## Supplied information

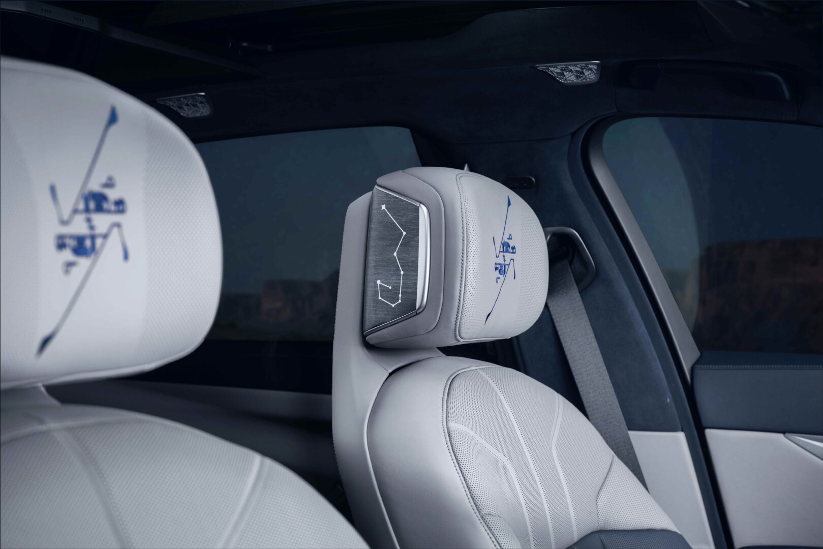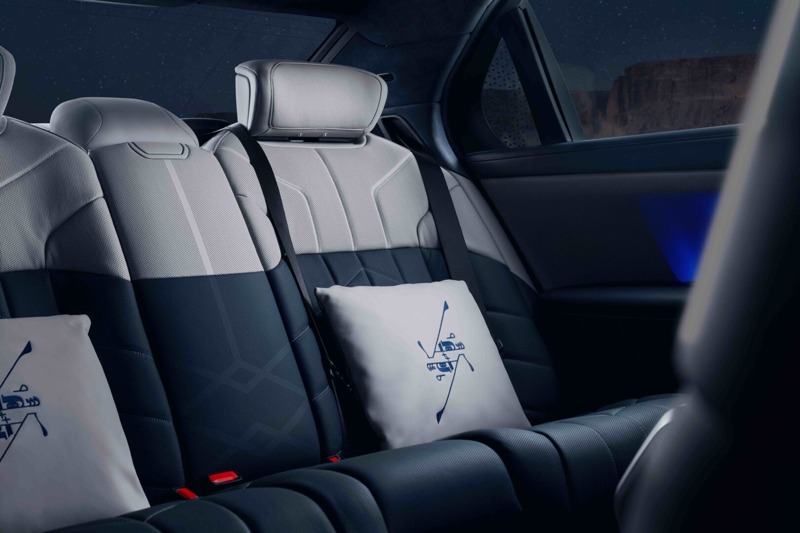 Inside, the BMW Individual Edition showcases exceptional attention to detail. The Suhail constellation and logo are exquisitely embroidered onto the headrests and cushions. They are crafted onto the C-pillars, side headrests, and dashboard, with BMW Sky Lounge enveloping passengers in a subtle celestial narrative. The finest stitched BMW Individual Merino Leather, with BMW Individual Taupe Grey/Night Blue elements, is complemented by Oak mirror-finish wood trim and grey-metallic high-gloss.
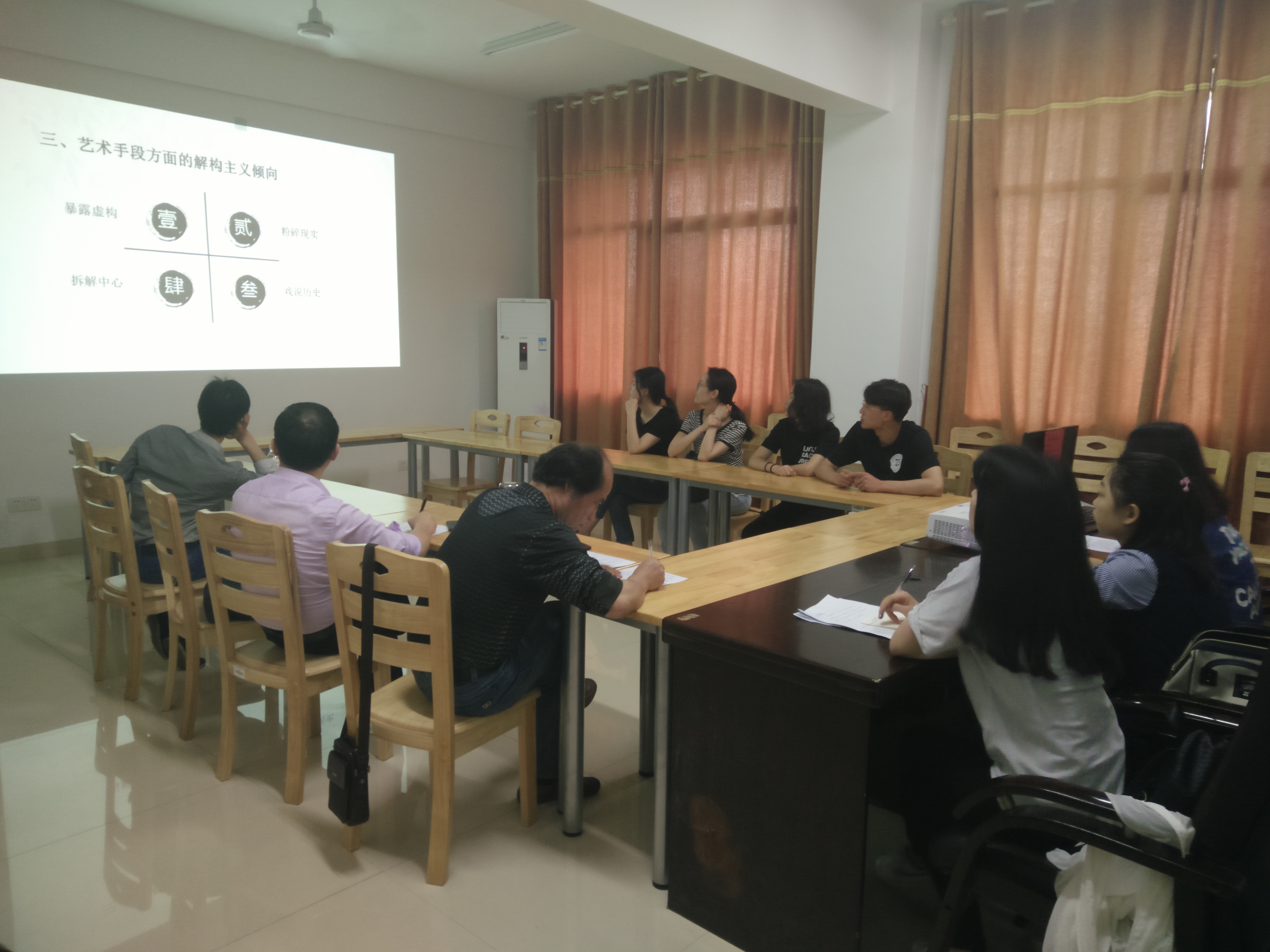 2016级文艺学研究生聂湖、张雨歆、陈佳分别进行《当代网络玄幻小说的美学追求》、《东野圭吾推理小说的叙事策略研究》和《白先勇小说研究》主题学术报告。出席教师针对报告进行专业点评,并引导在场学生进行交流讨论。
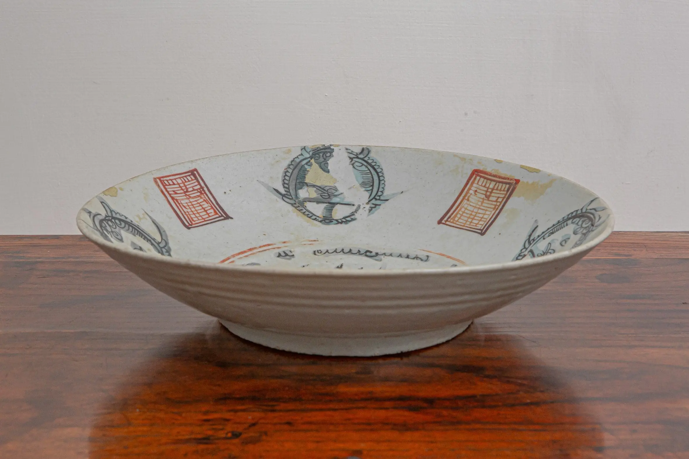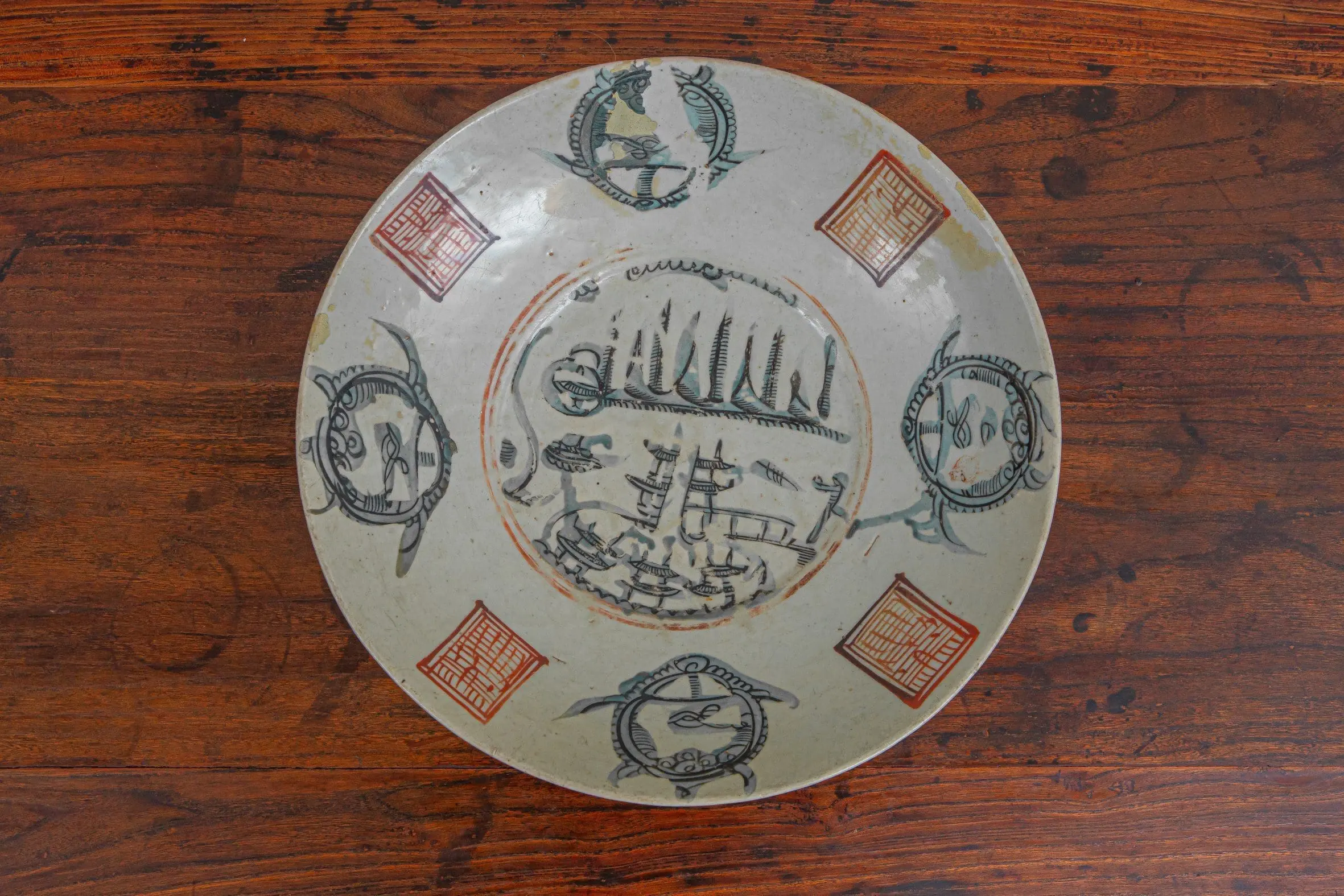 | Description | Large swatow plate with slightly worn polychrome green and orange abstract painting, with circles and squares in overglaze enamel, loosely painted over in semi-translucent enamel. |

## What needs to be done
Give the data back exactly, omitting all pictures.

## Solution for this exercise
 Inside, the BMW Individual Edition showcases exceptional attention to detail. The Suhail constellation and logo are exquisitely embroidered onto the headrests and cushions. They are crafted onto the C-pillars, side headrests, and dashboard, with BMW Sky Lounge enveloping passengers in a subtle celestial narrative. The finest stitched BMW Individual Merino Leather, with BMW Individual Taupe Grey/Night Blue elements, is complemented by Oak mirror-finish wood trim and grey-metallic high-gloss.
 2016级文艺学研究生聂湖、张雨歆、陈佳分别进行《当代网络玄幻小说的美学追求》、《东野圭吾推理小说的叙事策略研究》和《白先勇小说研究》主题学术报告。出席教师针对报告进行专业点评,并引导在场学生进行交流讨论。
 | Description | Large swatow plate with slightly worn polychrome green and orange abstract painting, with circles and squares in overglaze enamel, loosely painted over in semi-translucent enamel. |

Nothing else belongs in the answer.